Others remain more optimistic, drawing comfort from the fact that 625 women are standing in the elections for the National Congress, 540 of whom are party candidates and 85 running as independent candidates.
But how comforting is that figure? There are 1,206 party candidates in the elections and the parties were required to offer an equal number of men and women, something not quite achieved. More disappointing is the tiny percentage of female candidates running as independents–in all there are 2,501 independent candidates. Women make up less than 3.5 percent.
Thanks to the party lists, it is theoretically possible that women could make up 20 percent of the National Congress. But some activists fear that even if that happens, Libya will mirror neighboring Tunisia, where 49 women were elected, 42 from the same Islamist party Ennahda. Their voices have been subsumed by the louder collective voice of the party.
Some women worry the clock could even be turned back. “Compared to Libya’s neighboring countries, at least on the books, women under Gaddafi were in a better position in Libya,” says Samer Muscati, a researcher for Human Rights Watch. Gaddafi improved women’s legal status and access to education and social benefits. They had better rights in marriage, divorce, and child custody than elsewhere in North Africa.

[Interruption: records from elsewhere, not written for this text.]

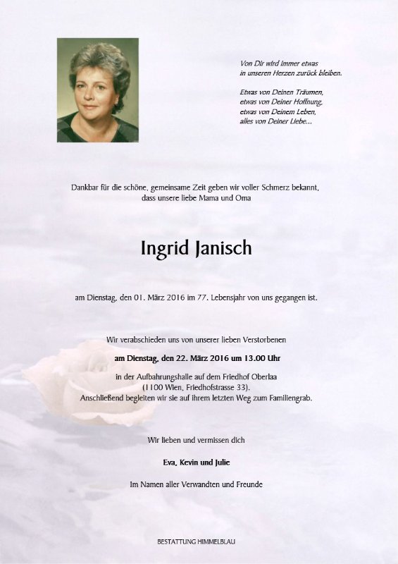 Liebe Eva!Unsere Anteilnahme und viel Kraft von uns allen.Leider ist es uns aus gesundheitlichen Gründen nicht möglich an der Beerdigung von Inge teilzunehmen.
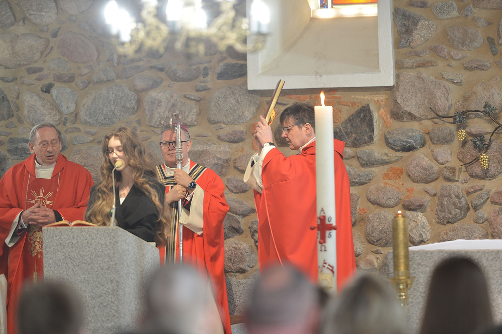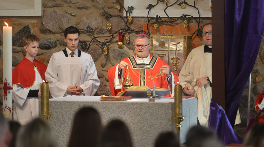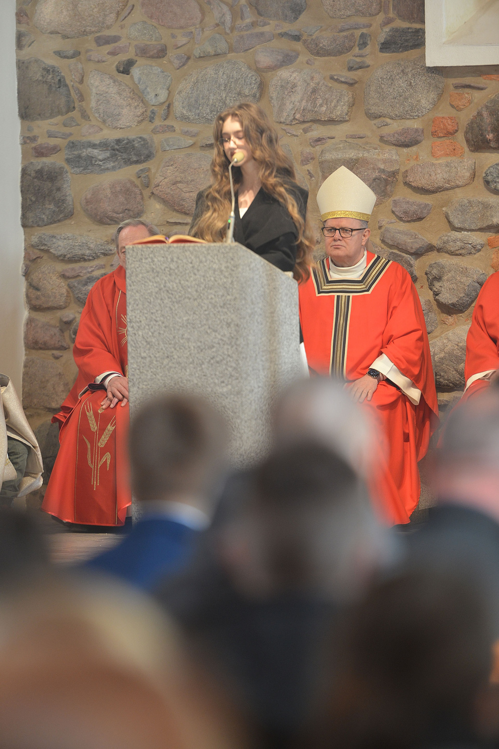 "Przewielebni bracia kapłani, umiłowani w Chrystusie siostry i bracia, a szczególnie gorąco pozdrawiam kandydatów do sakramentu bierzmowania – już za chwilę bierzmowanych. Zawsze w czasie takich ważnych spotkań i w czasie modlitwy, a szczególnie w czasie Mszy Świętej, towarzyszy nam Słowo Boga. Nazywamy to Liturgią Słowa. Przychodzimy na Mszę Świętą, ale najpierw zostajemy wprowadzeni w modlitwę przez słowo Pana.
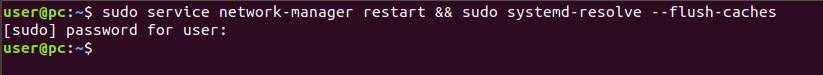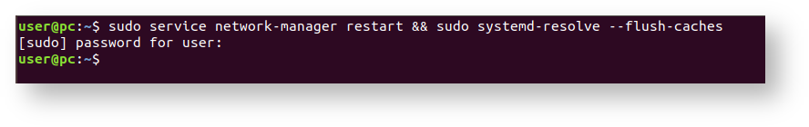 sudo service network-manager restart && sudo systemd-resolve --flush-caches

But only a small elite benefited from Gaddafi’s “state feminism.” Women-friendly laws, especially in the family or sexual realms, were sidestepped by Islamic tradition and custom. Most working women remained locked in low-paid, insecure jobs. And for most women life, then as now, revolved around a home ruled by husbands and punctuated by births.

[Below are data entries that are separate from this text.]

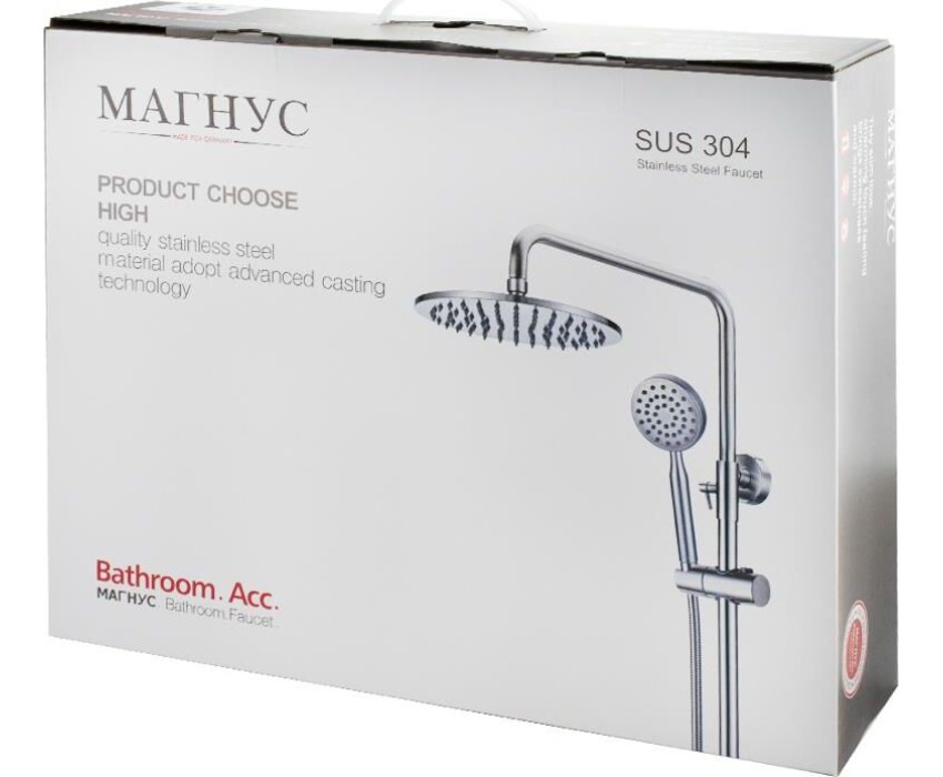 Душевой комплект MAGNUS 9238 Смеситель+стойка душевая тропический душ металлокерамика, с двумя лейками из нержавеющей стали марка 304
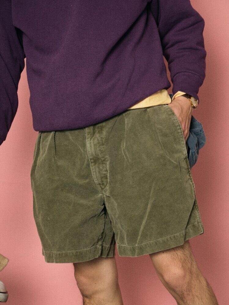 改めてアイテムのご紹介を。ベースとなっているのは、1950〜60年代にかけてフランス軍で採用されていたM-52ショーツ。2タックでゆったりとした腰回りと太めのシルエットが最大の特徴で、ヴィンテージでありながら現代の着こなしにも取り入れやすい名作とされています。そんなM-52ショーツを、シルエットはそのままにコーデュロイにした本作。秋冬素材のイメージではありますが、実は吸水性と速乾性に優れており春夏にも向いている素材。クラシックな背景がありながら、どんなスタイルにも合わせやすくて、穿き心地にも優れた現代のトラッド好き必携のショーツに仕上がっています。
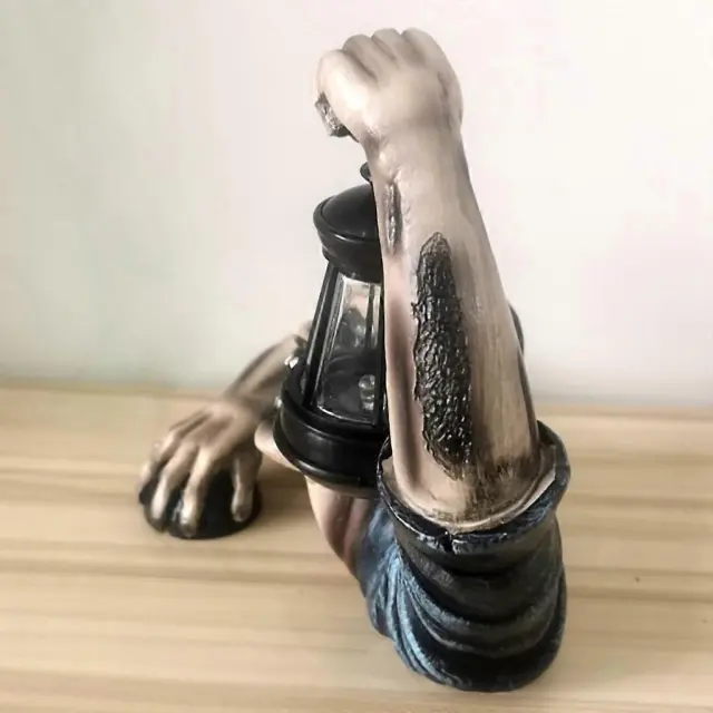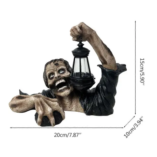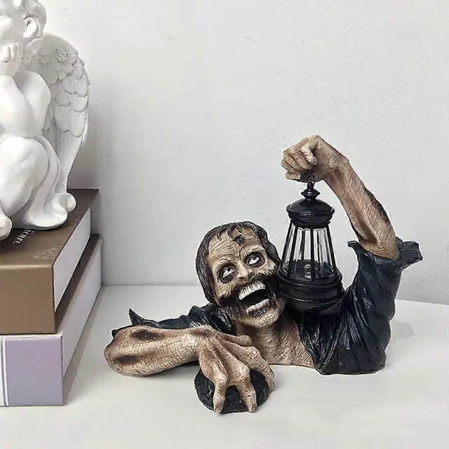 Ostuden kip zombija z lučko luči iz smole, vrtna skulptura, groza za zunanjo teraso, dvorišče, travnik, rekvizit za zabavo za noč čarovnic
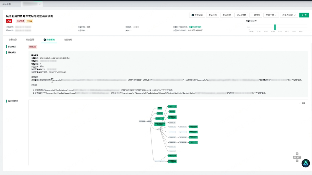 安全大模型3.0加持下,360本地安全大脑在针对每一次告警的智能化运营中实现自动溯源和结果定性,通过解读告警给运营人员呈现该攻击的背景情况、可能原因、发生过程、影响哪些资产、攻击者画像、潜在原因以及攻击过程链路等自动研判后的结论,让运营人员仅需要查看经过大模型分析的告警结论便可快速进行安全决策,降低安全运营门槛,解放运营人员精力。

The biggest fights ahead for Libyan women will be to ensure that they influence the writing of a new constitution. And here there’s the worry that if the Muslim Brotherhood and other Islamist parties dominate the new Congress, then Sharia (Muslim religious law) will form the basis of the new constitution.
Another fight will be over changing the judicial code. Currently, there’s no such crime as spousal rape. Activists want to see that changed and want to see the banning of rape victims being prosecuted for adultery or judges coercing rape victims and rapists to marry in order to restore “family honor,” something that condemns a woman to a life of injustice.

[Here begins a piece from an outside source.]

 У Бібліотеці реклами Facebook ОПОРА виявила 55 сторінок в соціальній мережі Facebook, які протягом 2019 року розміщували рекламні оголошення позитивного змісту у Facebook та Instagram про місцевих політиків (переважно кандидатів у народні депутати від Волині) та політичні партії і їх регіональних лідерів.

Overshadowing the tussle over women’s rights is how post-Gaddafi Libya will handle the widespread sexual violence and rapes that occurred during the uprising, crimes that on the whole were only allowed to speak their names when it served the rebels’ propaganda purposes. According to Luis Moreno-Ocampo, chief prosecutor of the International Criminal Court, Gaddafi “decided to punish, using rape” and there’s evidence suggesting hundreds were raped. Because the stigma of sexual assault runs very deep in Libyan culture, foreign journalists and human-rights organizations have struggled to document cases, having either to rely on the testimony of medical staff or confessions of soldiers who raped under orders.
The raped are silent--they and their families terrified of being shamed. The women suffer without official support or care. A double taboo is to even hint at rapes committed by rebels. But women activists say it did happen, although to a lesser degree. It was mainly committed against women from pro-Gaddafi tribes, especially darker-skinned tribes of the south, they say.
A handful of groups have taken up the cause, which they see as key to the development of women’s rights, by mounting periodic protests, demanding that the interim authorities take seriously the issues thrown up by sexual violence. At their protests they depict the plight of victims by taping over their mouths.